The special local sentiments of the Chinese people can be explained by place attachment theory, which explains the relationship between people and places. Place attachment refers to the emotional connection between people and their meaningful places.22 Individuals are not only directly attached to the physical features of a place, but are attached to the meaning represented by those features.23 The development of an individual’s place attachment closely relates to their parent-child attachment. For children, an attachment figure can provide a sense of security and act as a safe haven. When children interact well with their environment, they experience a range of positive emotions and their place attachment gradually develops. The place attachment that individuals develop in childhood is an important foundation for emotional connection with places in adulthood.24 Home is one of the primary environments in which people develop during childhood.
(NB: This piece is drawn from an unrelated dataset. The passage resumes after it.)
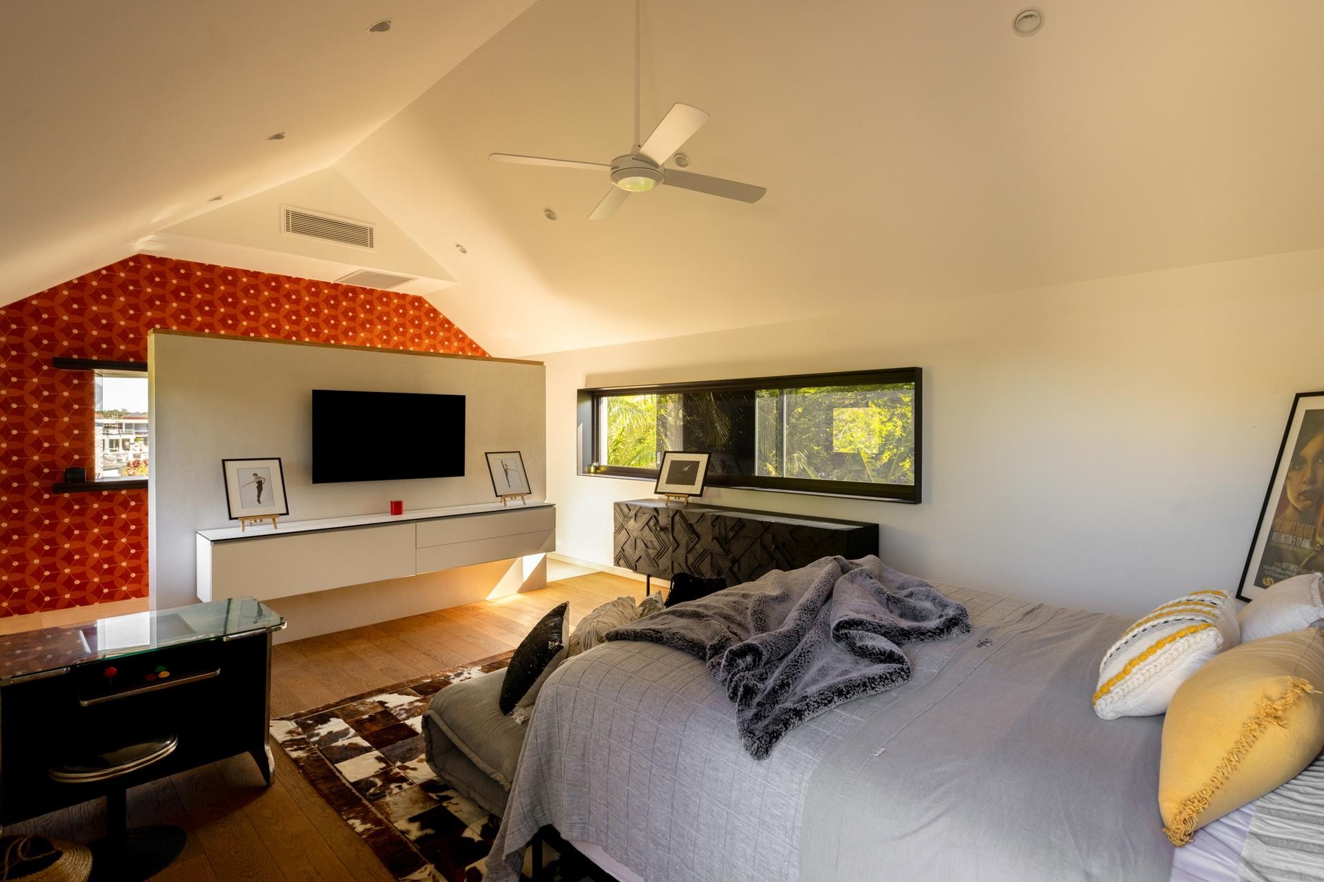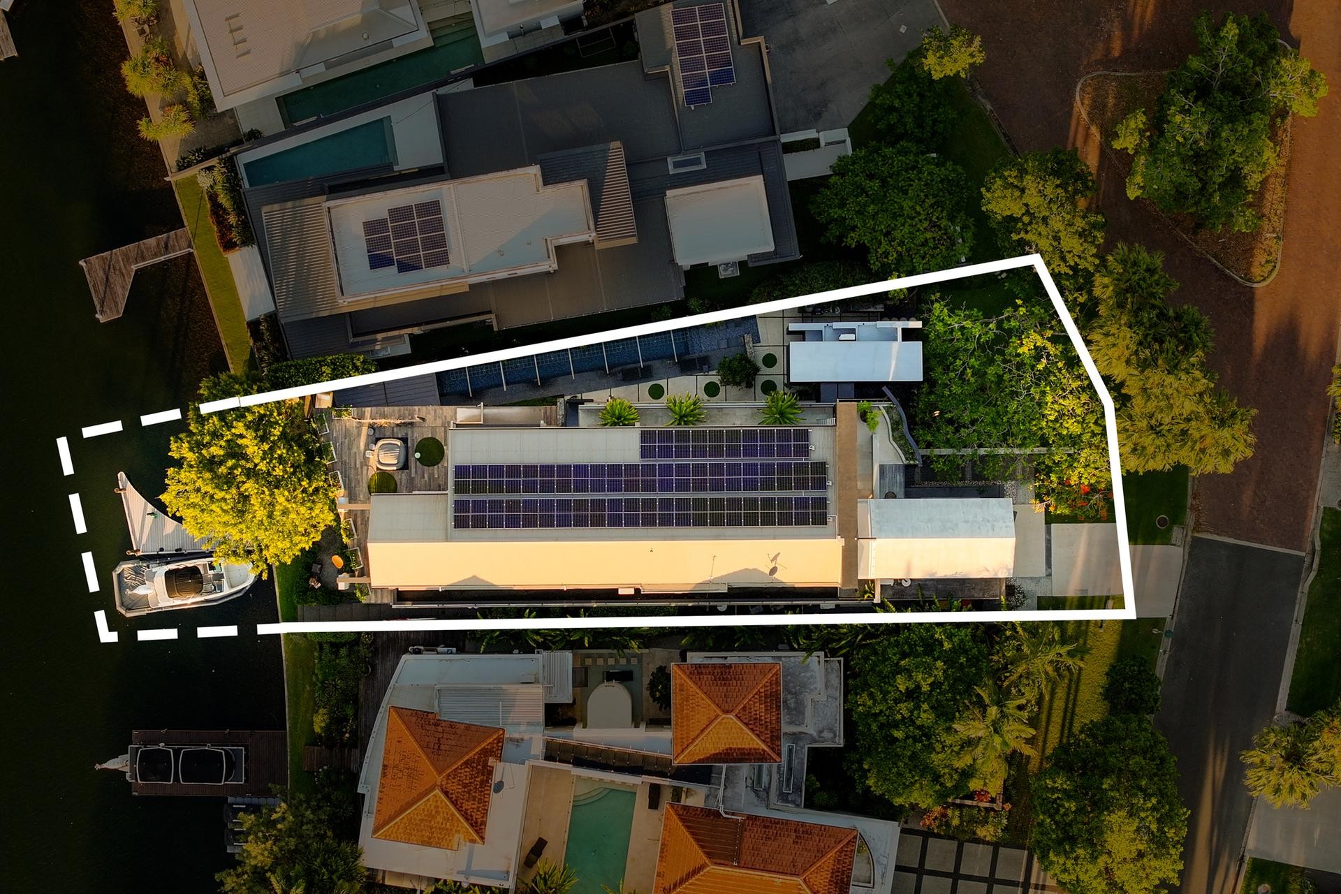 A gated entrance leads to a striking freestanding studio or home office, crowned by a soaring 5-metre vaulted ceiling-its glass façade opening to views across the lap pool and Waterway beyond. Perfectly suited for executive meetings and creative work, this space sets the tone for what lays beyond.

The most common measures of homesickness focus on the component of homesickness, such as the Homesickness Questionnaire,7 the Homesickness and Contentment Scale,25 and the Utrecht Homesickness Scale.15 However, current measures of homesickness have some limitations in the Chinese elderly population. Studies measuring the homesickness of elderly mainly use single-item measures or Homesickness Questionnaires,26,27 but do not consider whether the homesickness components of elderly are different from those of younger generations. For example, Chinese elderly often move with their families, which means they have fewer attachment figures in their hometowns.28 Additionally, Chinese people have a strong sense of homeland sentiments, while existing homesickness measurements focus more on the micro-environment (family, friends, etc.) to which individuals are attached and less on the macro-environment. In general, homesickness has a special meaning in Chinese culture, and this “uniqueness” needs to be further discovered in research. Most of the current homesickness measurement were developed 20 years ago, during this time, the leap forward in communication and transportation technology has allowed some of the factors contributing to homesickness to be resolved, and the manifestations of homesickness may have changed as a result. Therefore, it is necessary to develop appropriate measures of homesickness in the Chinese cultural context when studying the homesickness of the Chinese elderly today.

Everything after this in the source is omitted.